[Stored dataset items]
□ □ □ □ □

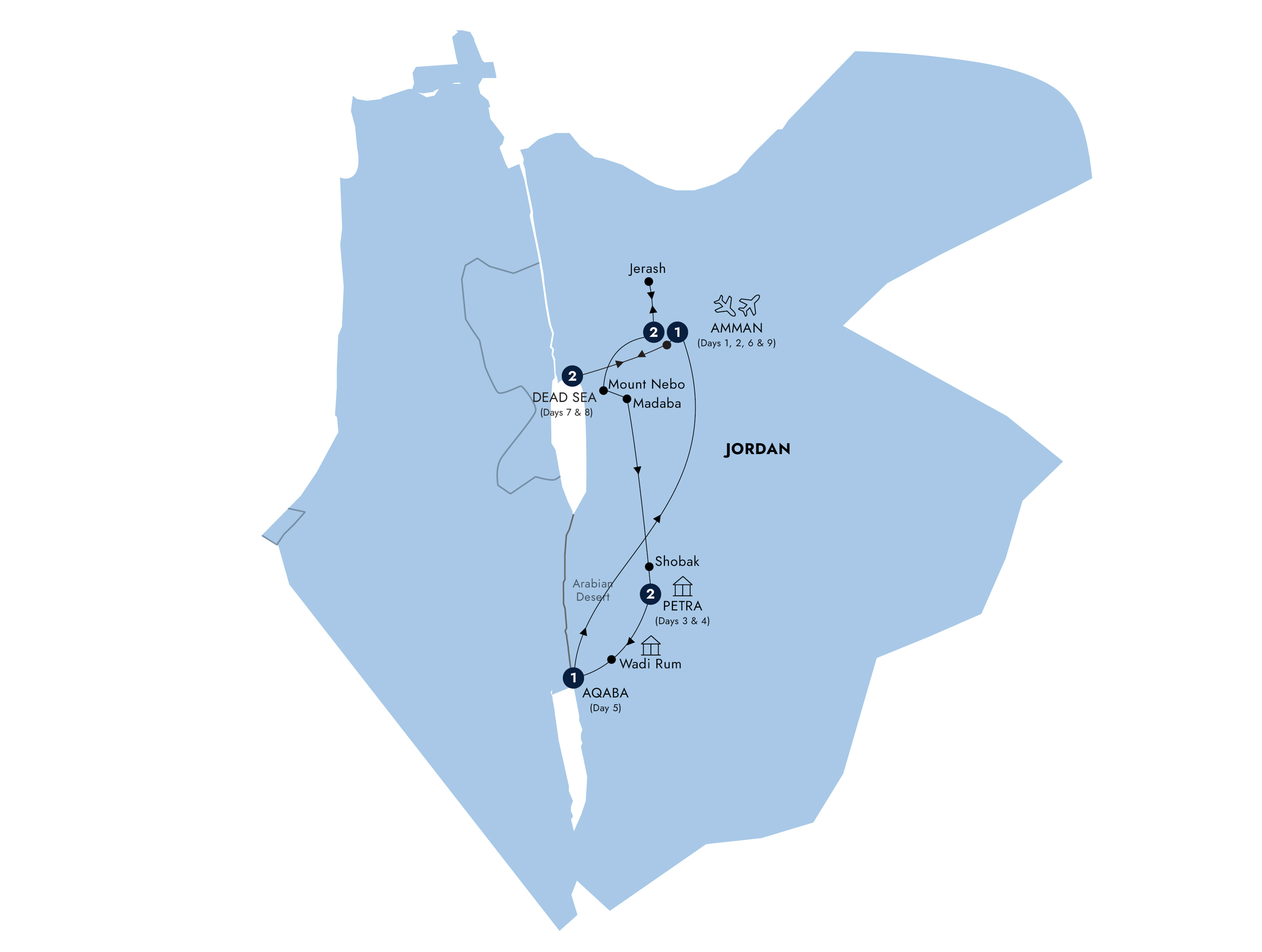 Delight in all the desert offers during this 9-day guided tour. Journey to Jerash, a short jaunt from Amman, to see the Greco-Roman city up close: Explore the ruins of the Temples of Artemis and Zeus. Ascend to one of the holiest sites in Jordan, the 11,929 feet tall Mount Nebo, where Moses once stood to see the Promised Land. Walk through the secret passages of the 12th-century fortress of Shobak and survey the desert that surrounds you. Travel to the UNESCO World Heritage Site of Petra, a city carved from red rocks and lost in time: Traverse a gorge to the city’s Treasury, an ornate tomb, and through a canyon to its Roman Amphitheatre, which once seated thousands of spectators. Back in Amman, enjoy a city tour that leads you to the ruins of Citadel Hill, with spectacular views of the city below or take a guided street-art tour and see the incredible graffiti. Spend two days relaxing by the Dead Sea.
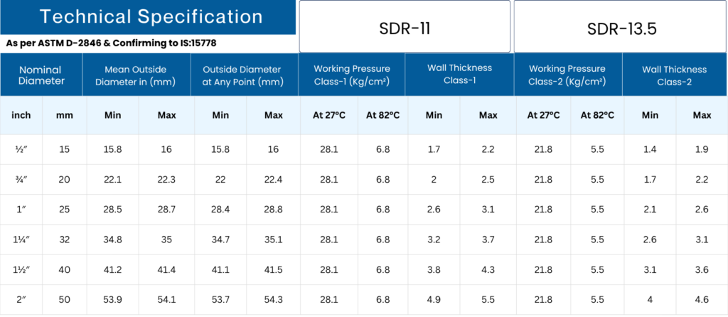 Standard: ASTM D-2846 & ASTM F-441
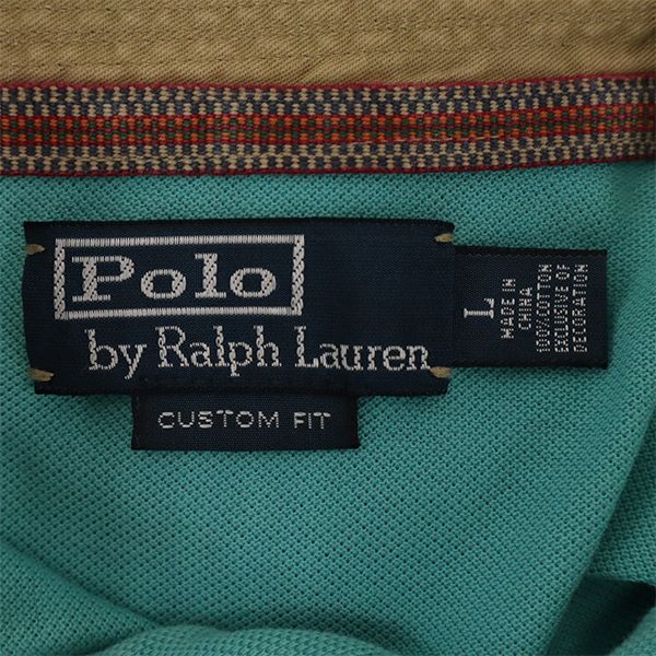 POLO RALPH LAUREN ポロラルフローレン プリント 半袖 ダメージ加工 ポロシャツ L グリーン 鹿の子 メンズ
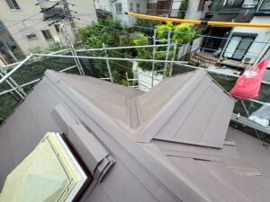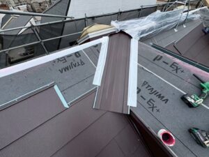 屋根の角や、つなぎ目、屋根材が途切れる隙間は、雨水が入りやすい箇所ですので、専用の役物板金で補強します。
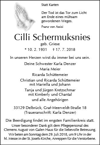 Cäcilie Schermuksnies geb. Griese
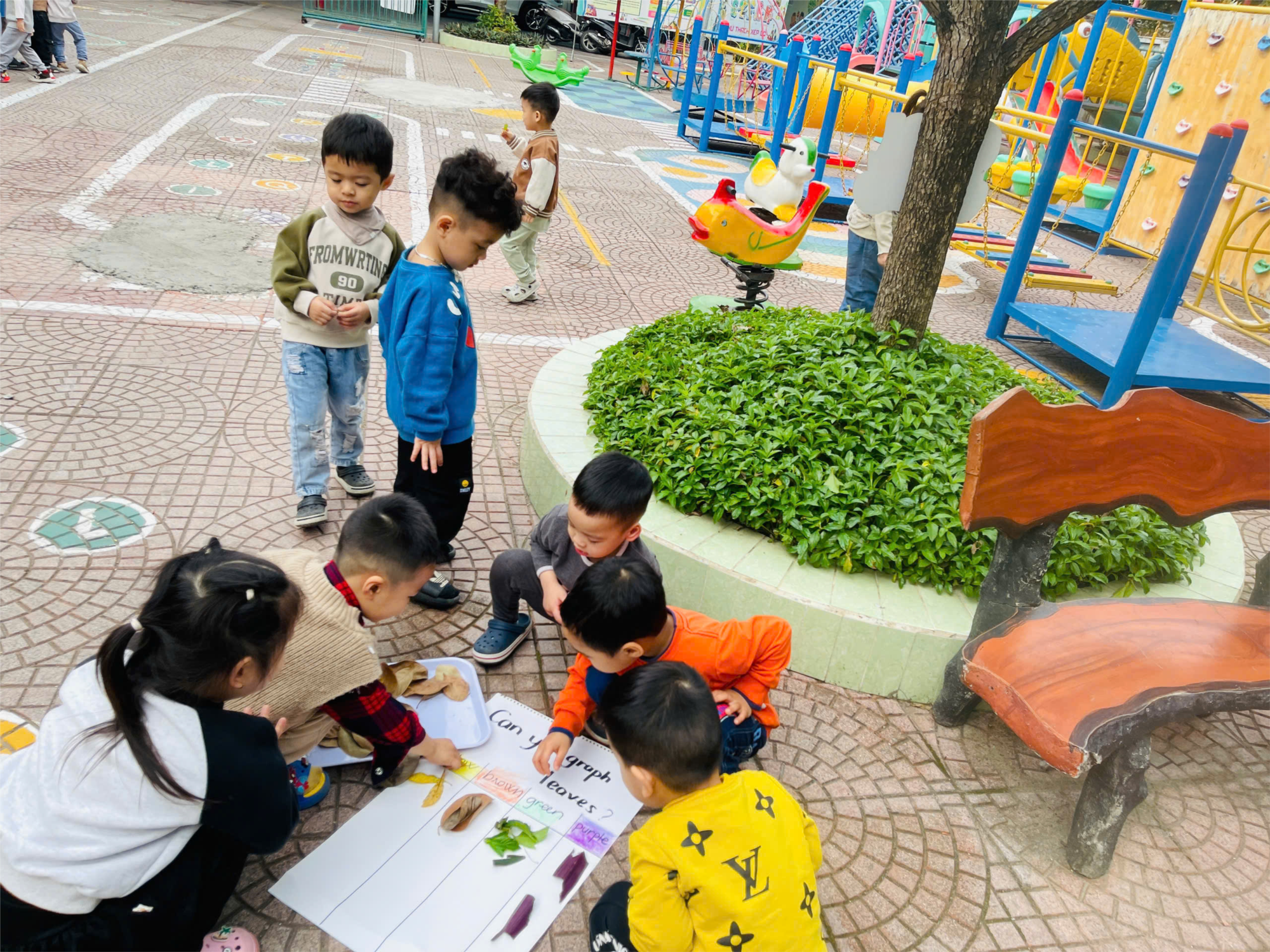 Các con cùng nhau quan sát lá cây trong sân trường, phân loại theo màu sắc và tạo bảng “graph leaves” sinh động.

□ □ □ □ □

### Task description
Repeat the preceding records precisely, and leave every picture out of the copy.

### Reply
 Delight in all the desert offers during this 9-day guided tour. Journey to Jerash, a short jaunt from Amman, to see the Greco-Roman city up close: Explore the ruins of the Temples of Artemis and Zeus. Ascend to one of the holiest sites in Jordan, the 11,929 feet tall Mount Nebo, where Moses once stood to see the Promised Land. Walk through the secret passages of the 12th-century fortress of Shobak and survey the desert that surrounds you. Travel to the UNESCO World Heritage Site of Petra, a city carved from red rocks and lost in time: Traverse a gorge to the city’s Treasury, an ornate tomb, and through a canyon to its Roman Amphitheatre, which once seated thousands of spectators. Back in Amman, enjoy a city tour that leads you to the ruins of Citadel Hill, with spectacular views of the city below or take a guided street-art tour and see the incredible graffiti. Spend two days relaxing by the Dead Sea.
 Standard: ASTM D-2846 & ASTM F-441
 POLO RALPH LAUREN ポロラルフローレン プリント 半袖 ダメージ加工 ポロシャツ L グリーン 鹿の子 メンズ
 屋根の角や、つなぎ目、屋根材が途切れる隙間は、雨水が入りやすい箇所ですので、専用の役物板金で補強します。
 Cäcilie Schermuksnies geb. Griese
 Các con cùng nhau quan sát lá cây trong sân trường, phân loại theo màu sắc và tạo bảng “graph leaves” sinh động.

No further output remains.